BPOs unfazed by pending US bill vs job outsourcing
MANILA, Philippines — Business process outsourcing (BPO) firms in the country remain unfazed by the recent call of US President Barack Obama to stop the outsourcing of American jobs to other countries like the Philippines.
The Business Processing Association of the Philippines even projected to generate an additional 3.3 million jobs by the end of 2016 and to attain leadership in four areas touted to be “fast-growing services” like healthcare information management, finance and accounting, human resources and creative process.
“Based on our experience, we believe outsourcing actually makes US businesses competitive. It, in fact, allows them to increase the employment in their areas of core competence,” BPAP chairman Alfredo Ayala told reporters Monday at a press conference organized by BPAP and the Department of Science and Technology (DoST).
In his State of the Union Address, Obama announced his support to the pending bill in the US Congress, which would remove the government incentives for companies, which continued to outsource jobs to countries like the Philippines.
Some government officials had expressed fears that the “anti-BPO” call of Obama would severely affect the BPO industry in the country.

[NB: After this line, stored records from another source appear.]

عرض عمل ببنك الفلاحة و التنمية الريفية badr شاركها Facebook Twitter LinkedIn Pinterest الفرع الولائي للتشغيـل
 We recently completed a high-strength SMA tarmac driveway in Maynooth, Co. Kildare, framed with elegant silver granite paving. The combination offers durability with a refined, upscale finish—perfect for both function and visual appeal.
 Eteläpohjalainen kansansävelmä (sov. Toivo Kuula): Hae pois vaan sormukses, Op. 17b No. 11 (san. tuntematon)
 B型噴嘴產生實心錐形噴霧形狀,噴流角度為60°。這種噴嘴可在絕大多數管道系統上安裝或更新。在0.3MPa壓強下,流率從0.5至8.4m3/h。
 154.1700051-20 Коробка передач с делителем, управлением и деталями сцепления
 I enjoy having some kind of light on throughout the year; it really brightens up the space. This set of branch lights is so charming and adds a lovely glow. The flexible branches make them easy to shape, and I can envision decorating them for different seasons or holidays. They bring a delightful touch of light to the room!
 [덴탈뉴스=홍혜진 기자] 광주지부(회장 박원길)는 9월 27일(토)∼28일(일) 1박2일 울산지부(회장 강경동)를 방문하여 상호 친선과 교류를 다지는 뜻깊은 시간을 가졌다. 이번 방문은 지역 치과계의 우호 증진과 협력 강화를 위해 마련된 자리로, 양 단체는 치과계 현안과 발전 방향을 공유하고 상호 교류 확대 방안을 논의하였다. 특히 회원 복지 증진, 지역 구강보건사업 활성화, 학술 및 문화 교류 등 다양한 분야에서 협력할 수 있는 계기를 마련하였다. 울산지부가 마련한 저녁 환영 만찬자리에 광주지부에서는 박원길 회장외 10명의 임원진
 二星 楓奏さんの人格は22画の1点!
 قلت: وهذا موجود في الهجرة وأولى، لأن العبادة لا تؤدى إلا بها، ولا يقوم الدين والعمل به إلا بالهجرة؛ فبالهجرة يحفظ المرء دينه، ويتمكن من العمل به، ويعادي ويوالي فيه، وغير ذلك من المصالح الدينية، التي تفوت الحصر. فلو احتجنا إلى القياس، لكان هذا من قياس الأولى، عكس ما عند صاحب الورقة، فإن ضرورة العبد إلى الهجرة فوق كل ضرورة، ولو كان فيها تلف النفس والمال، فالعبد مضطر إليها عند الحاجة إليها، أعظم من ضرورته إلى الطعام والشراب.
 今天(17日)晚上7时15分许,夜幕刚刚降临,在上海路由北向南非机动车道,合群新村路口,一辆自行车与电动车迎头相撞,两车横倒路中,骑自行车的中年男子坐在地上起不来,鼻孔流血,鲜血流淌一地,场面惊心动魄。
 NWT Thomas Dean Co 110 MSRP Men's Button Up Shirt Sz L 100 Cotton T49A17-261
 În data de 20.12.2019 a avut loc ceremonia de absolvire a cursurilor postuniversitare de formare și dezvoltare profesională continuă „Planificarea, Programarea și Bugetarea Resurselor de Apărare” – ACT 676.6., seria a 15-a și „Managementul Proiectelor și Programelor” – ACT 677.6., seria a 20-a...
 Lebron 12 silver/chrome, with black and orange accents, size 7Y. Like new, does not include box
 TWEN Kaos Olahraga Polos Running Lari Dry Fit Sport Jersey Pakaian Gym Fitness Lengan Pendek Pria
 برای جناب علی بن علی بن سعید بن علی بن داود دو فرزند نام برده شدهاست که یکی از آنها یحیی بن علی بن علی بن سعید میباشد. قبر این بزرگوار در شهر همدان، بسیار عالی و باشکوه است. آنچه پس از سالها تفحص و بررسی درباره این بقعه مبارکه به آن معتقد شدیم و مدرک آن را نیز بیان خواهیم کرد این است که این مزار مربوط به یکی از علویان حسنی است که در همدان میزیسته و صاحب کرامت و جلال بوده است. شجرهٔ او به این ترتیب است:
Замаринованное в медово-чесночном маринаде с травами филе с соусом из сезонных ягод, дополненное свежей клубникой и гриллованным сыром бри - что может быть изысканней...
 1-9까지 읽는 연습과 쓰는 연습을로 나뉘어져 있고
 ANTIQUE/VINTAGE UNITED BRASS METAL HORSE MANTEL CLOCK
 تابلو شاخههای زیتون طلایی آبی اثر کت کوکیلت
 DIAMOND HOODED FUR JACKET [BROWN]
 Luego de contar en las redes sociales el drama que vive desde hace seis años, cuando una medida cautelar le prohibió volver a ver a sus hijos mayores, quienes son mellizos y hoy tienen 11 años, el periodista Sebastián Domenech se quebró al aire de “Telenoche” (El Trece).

Ayala said the passage of the bill would be “unlikely,” believing that US companies would not be able to survive if they stopped outsourcing to the Philippines.
Alejandro Melchor, executive director of the Information and Communications Technology Office of the DoST, said the BPO firms were not bothered by Obama’s statement.
“If it was really a cause for concern, I would be getting calls from my colleagues by now. But they were not at all worried,” Melchor said.
He said the bill, even if passed by the US congress, would not change the behavior of the companies because the benefits they have been getting from outsourcing have been far higher than the incentives that the US government has been providing or would provide them.
He said the cost of hiring a Filipino call center worker would only be one-fifth of the cost of hiring an American call center worker.
“The US will continue to do what is best for its companies,” Ayala said.
But Ayala said they have laid down contingency plans like pursuing markets in other countries like Australia and United Kingdom if the BPOs in the country were affected by US policies.
With their optimism, Melchor and Ayala projected that the BPO’s contribution to the country’s gross domestic product would increase from 5.4 percent in 2011 to 8.6 percent.
“We believe we can generate $25 billion in export revenue, 1.3 million in direct jobs and over 3 million indirect jobs by 2016,” Ayala said.
Melchor said the BPO’s expansion to other services would also require the creation of new technical courses for high school graduates.
In his response, Joel Villanueva, Technical Education and Skills Development Authority (Tesda) director general, said since new skills and competencies of the workforce would be needed in the BPO’s expansion, the agency would develop new training programs for call center agents, trainers and those engaged in non-voice-based skills.
Non-voice-based skills include software development, animation, medical transcription, game development and legal transcription.
To strengthen its partnership with BPOs, Tesda recently released a P500-million stimulus fund to BPAP for training aimed at creating 65,000 new jobs.
“We will review our product mix to focus on other BPO-related skills that have equally high demand such as software development and other skills as may be defined by the industry,” Villanueva said.
“This way, we can diversify and develop more skills and spread out opportunity for employment in other emerging areas,” he added.